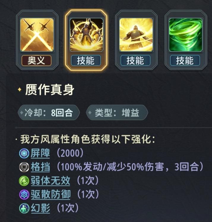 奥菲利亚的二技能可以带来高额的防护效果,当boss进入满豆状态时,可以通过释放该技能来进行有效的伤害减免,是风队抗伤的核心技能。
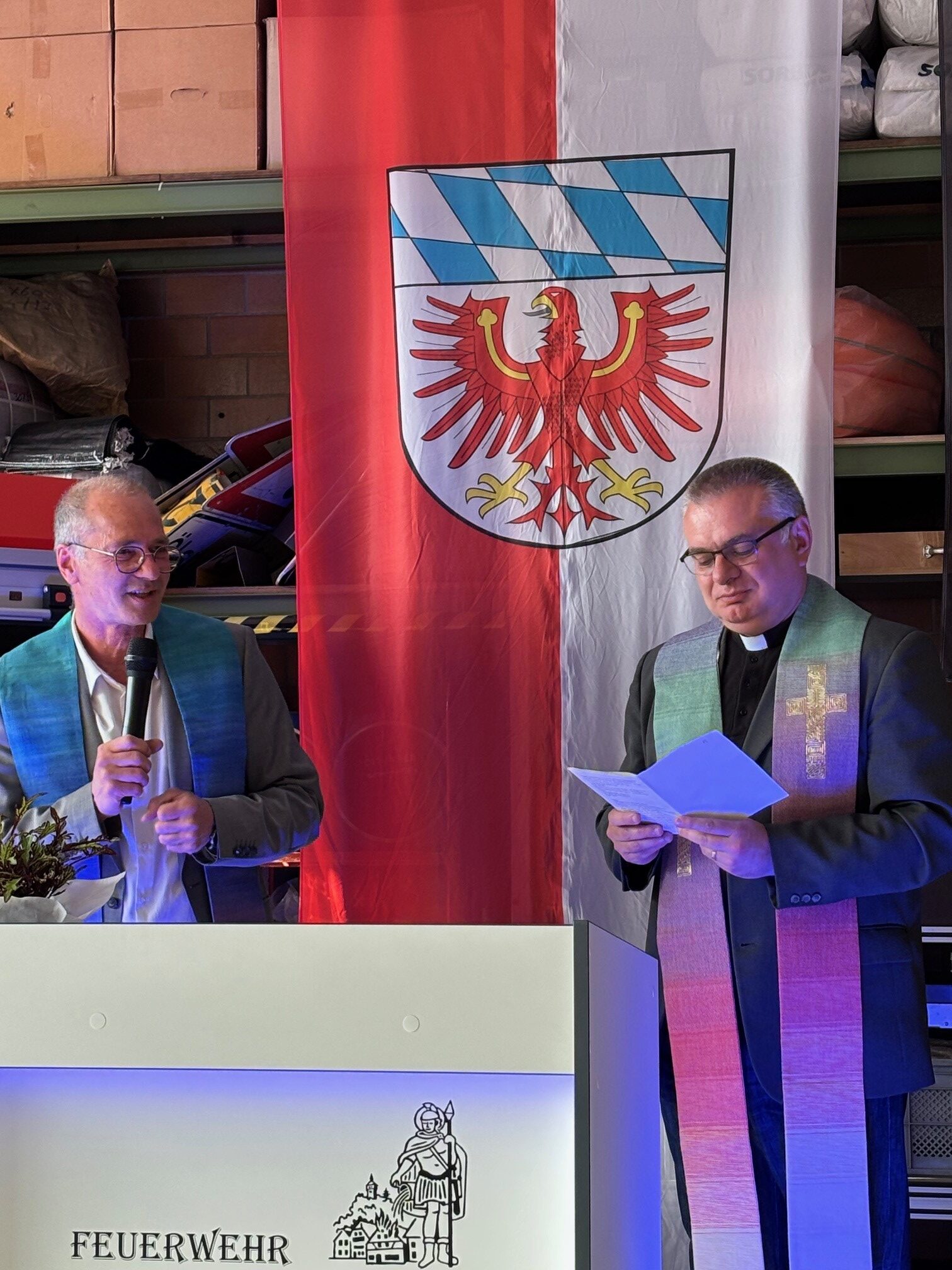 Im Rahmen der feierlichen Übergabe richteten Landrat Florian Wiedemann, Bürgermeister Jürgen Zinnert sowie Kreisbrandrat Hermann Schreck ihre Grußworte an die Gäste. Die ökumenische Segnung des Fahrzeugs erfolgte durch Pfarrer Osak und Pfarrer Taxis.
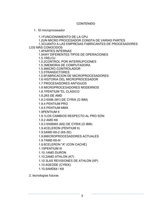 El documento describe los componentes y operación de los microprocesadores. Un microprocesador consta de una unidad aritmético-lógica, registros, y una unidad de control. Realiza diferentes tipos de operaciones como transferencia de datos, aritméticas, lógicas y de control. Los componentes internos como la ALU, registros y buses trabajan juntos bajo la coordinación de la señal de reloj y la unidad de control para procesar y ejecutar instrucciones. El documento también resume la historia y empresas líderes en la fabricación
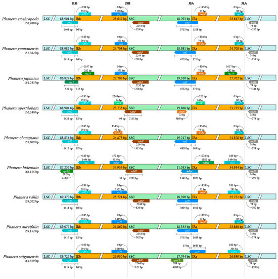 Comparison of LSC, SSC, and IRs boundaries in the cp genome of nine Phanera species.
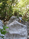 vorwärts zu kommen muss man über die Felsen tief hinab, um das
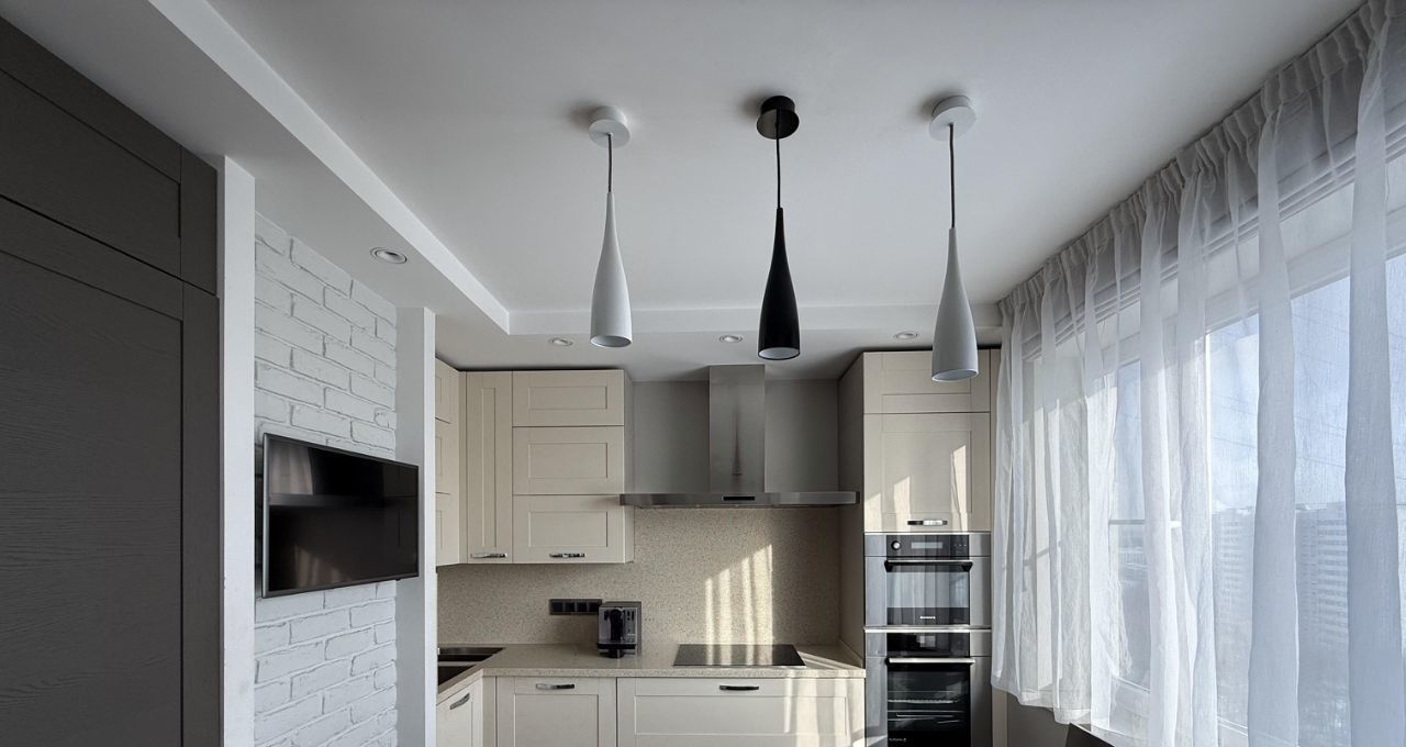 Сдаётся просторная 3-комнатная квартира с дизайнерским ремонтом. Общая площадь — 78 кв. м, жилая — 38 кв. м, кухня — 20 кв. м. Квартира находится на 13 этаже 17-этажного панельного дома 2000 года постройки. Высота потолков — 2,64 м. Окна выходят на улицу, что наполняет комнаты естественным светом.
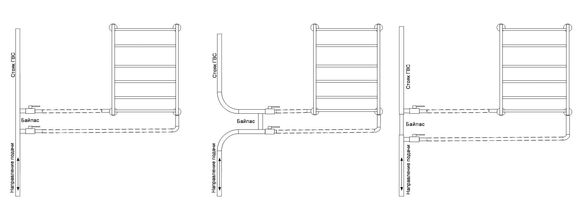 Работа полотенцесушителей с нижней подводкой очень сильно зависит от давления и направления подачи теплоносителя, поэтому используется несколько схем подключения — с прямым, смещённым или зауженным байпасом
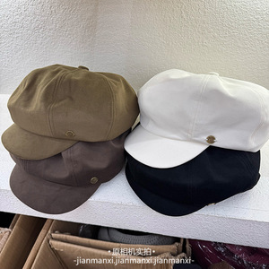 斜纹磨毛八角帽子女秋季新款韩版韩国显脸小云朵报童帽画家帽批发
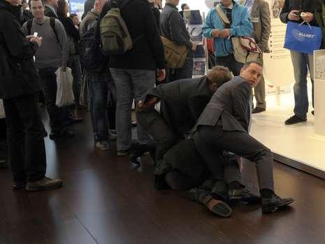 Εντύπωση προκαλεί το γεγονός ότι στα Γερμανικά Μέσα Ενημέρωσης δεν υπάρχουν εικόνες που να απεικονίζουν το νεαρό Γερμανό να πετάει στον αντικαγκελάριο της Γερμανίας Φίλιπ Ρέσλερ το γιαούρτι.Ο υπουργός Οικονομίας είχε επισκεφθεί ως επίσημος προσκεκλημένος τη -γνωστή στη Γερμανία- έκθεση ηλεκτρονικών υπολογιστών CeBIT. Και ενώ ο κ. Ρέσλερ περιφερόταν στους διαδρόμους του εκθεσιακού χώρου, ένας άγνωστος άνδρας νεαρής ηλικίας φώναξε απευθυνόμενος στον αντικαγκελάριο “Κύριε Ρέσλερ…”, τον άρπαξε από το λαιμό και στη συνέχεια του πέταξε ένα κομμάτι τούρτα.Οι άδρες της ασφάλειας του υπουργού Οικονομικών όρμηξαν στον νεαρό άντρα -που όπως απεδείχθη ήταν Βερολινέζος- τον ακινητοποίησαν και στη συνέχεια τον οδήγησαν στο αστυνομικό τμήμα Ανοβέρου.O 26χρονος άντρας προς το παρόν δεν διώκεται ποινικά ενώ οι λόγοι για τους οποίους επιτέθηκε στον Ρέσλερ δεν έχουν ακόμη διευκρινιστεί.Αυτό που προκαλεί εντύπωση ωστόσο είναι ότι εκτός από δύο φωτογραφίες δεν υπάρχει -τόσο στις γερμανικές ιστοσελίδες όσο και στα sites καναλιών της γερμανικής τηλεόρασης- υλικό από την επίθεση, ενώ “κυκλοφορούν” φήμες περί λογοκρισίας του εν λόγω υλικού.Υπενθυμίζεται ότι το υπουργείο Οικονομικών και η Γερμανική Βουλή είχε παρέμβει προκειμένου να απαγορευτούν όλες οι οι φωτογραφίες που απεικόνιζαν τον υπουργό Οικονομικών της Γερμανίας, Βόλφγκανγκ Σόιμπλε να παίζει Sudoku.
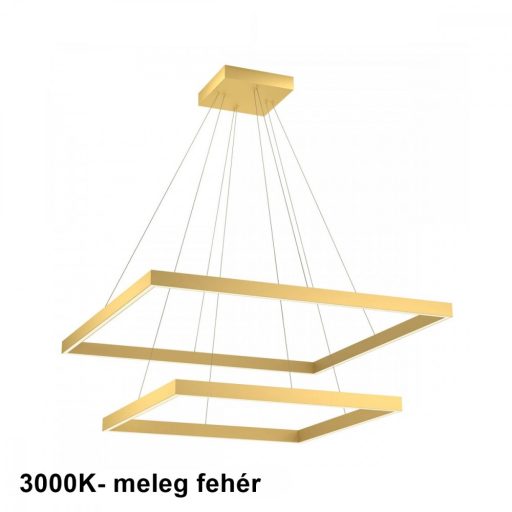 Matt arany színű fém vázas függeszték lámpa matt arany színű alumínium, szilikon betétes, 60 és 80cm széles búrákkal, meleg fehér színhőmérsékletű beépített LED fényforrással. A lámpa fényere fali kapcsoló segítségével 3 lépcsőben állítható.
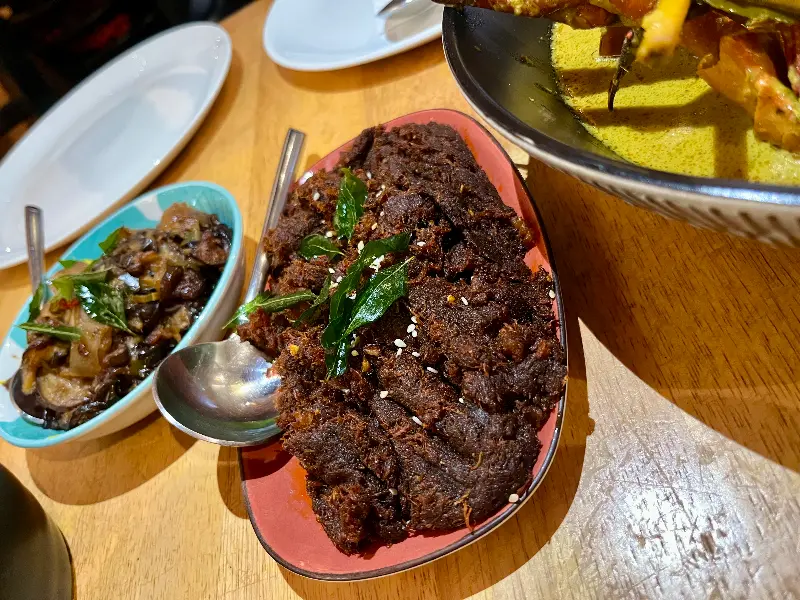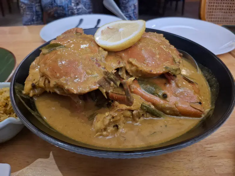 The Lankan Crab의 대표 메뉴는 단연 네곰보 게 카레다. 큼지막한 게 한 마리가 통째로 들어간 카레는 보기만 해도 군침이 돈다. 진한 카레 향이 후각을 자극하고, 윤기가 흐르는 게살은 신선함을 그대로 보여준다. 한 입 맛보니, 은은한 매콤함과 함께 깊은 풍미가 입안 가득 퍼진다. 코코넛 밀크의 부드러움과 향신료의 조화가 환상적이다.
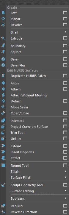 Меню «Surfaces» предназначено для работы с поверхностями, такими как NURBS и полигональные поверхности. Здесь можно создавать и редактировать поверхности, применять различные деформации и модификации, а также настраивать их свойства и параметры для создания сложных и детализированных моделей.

_ _ _ _ _ _ _

Work to be completed :: Copy the data above line for line, skipping every picture.

Final answer ::
 奥菲利亚的二技能可以带来高额的防护效果,当boss进入满豆状态时,可以通过释放该技能来进行有效的伤害减免,是风队抗伤的核心技能。
 Im Rahmen der feierlichen Übergabe richteten Landrat Florian Wiedemann, Bürgermeister Jürgen Zinnert sowie Kreisbrandrat Hermann Schreck ihre Grußworte an die Gäste. Die ökumenische Segnung des Fahrzeugs erfolgte durch Pfarrer Osak und Pfarrer Taxis.
 El documento describe los componentes y operación de los microprocesadores. Un microprocesador consta de una unidad aritmético-lógica, registros, y una unidad de control. Realiza diferentes tipos de operaciones como transferencia de datos, aritméticas, lógicas y de control. Los componentes internos como la ALU, registros y buses trabajan juntos bajo la coordinación de la señal de reloj y la unidad de control para procesar y ejecutar instrucciones. El documento también resume la historia y empresas líderes en la fabricación
 Comparison of LSC, SSC, and IRs boundaries in the cp genome of nine Phanera species.
 vorwärts zu kommen muss man über die Felsen tief hinab, um das
 Сдаётся просторная 3-комнатная квартира с дизайнерским ремонтом. Общая площадь — 78 кв. м, жилая — 38 кв. м, кухня — 20 кв. м. Квартира находится на 13 этаже 17-этажного панельного дома 2000 года постройки. Высота потолков — 2,64 м. Окна выходят на улицу, что наполняет комнаты естественным светом.
 Работа полотенцесушителей с нижней подводкой очень сильно зависит от давления и направления подачи теплоносителя, поэтому используется несколько схем подключения — с прямым, смещённым или зауженным байпасом
 斜纹磨毛八角帽子女秋季新款韩版韩国显脸小云朵报童帽画家帽批发
 Εντύπωση προκαλεί το γεγονός ότι στα Γερμανικά Μέσα Ενημέρωσης δεν υπάρχουν εικόνες που να απεικονίζουν το νεαρό Γερμανό να πετάει στον αντικαγκελάριο της Γερμανίας Φίλιπ Ρέσλερ το γιαούρτι.Ο υπουργός Οικονομίας είχε επισκεφθεί ως επίσημος προσκεκλημένος τη -γνωστή στη Γερμανία- έκθεση ηλεκτρονικών υπολογιστών CeBIT. Και ενώ ο κ. Ρέσλερ περιφερόταν στους διαδρόμους του εκθεσιακού χώρου, ένας άγνωστος άνδρας νεαρής ηλικίας φώναξε απευθυνόμενος στον αντικαγκελάριο “Κύριε Ρέσλερ…”, τον άρπαξε από το λαιμό και στη συνέχεια του πέταξε ένα κομμάτι τούρτα.Οι άδρες της ασφάλειας του υπουργού Οικονομικών όρμηξαν στον νεαρό άντρα -που όπως απεδείχθη ήταν Βερολινέζος- τον ακινητοποίησαν και στη συνέχεια τον οδήγησαν στο αστυνομικό τμήμα Ανοβέρου.O 26χρονος άντρας προς το παρόν δεν διώκεται ποινικά ενώ οι λόγοι για τους οποίους επιτέθηκε στον Ρέσλερ δεν έχουν ακόμη διευκρινιστεί.Αυτό που προκαλεί εντύπωση ωστόσο είναι ότι εκτός από δύο φωτογραφίες δεν υπάρχει -τόσο στις γερμανικές ιστοσελίδες όσο και στα sites καναλιών της γερμανικής τηλεόρασης- υλικό από την επίθεση, ενώ “κυκλοφορούν” φήμες περί λογοκρισίας του εν λόγω υλικού.Υπενθυμίζεται ότι το υπουργείο Οικονομικών και η Γερμανική Βουλή είχε παρέμβει προκειμένου να απαγορευτούν όλες οι οι φωτογραφίες που απεικόνιζαν τον υπουργό Οικονομικών της Γερμανίας, Βόλφγκανγκ Σόιμπλε να παίζει Sudoku.
 Matt arany színű fém vázas függeszték lámpa matt arany színű alumínium, szilikon betétes, 60 és 80cm széles búrákkal, meleg fehér színhőmérsékletű beépített LED fényforrással. A lámpa fényere fali kapcsoló segítségével 3 lépcsőben állítható.
 The Lankan Crab의 대표 메뉴는 단연 네곰보 게 카레다. 큼지막한 게 한 마리가 통째로 들어간 카레는 보기만 해도 군침이 돈다. 진한 카레 향이 후각을 자극하고, 윤기가 흐르는 게살은 신선함을 그대로 보여준다. 한 입 맛보니, 은은한 매콤함과 함께 깊은 풍미가 입안 가득 퍼진다. 코코넛 밀크의 부드러움과 향신료의 조화가 환상적이다.
 Меню «Surfaces» предназначено для работы с поверхностями, такими как NURBS и полигональные поверхности. Здесь можно создавать и редактировать поверхности, применять различные деформации и модификации, а также настраивать их свойства и параметры для создания сложных и детализированных моделей.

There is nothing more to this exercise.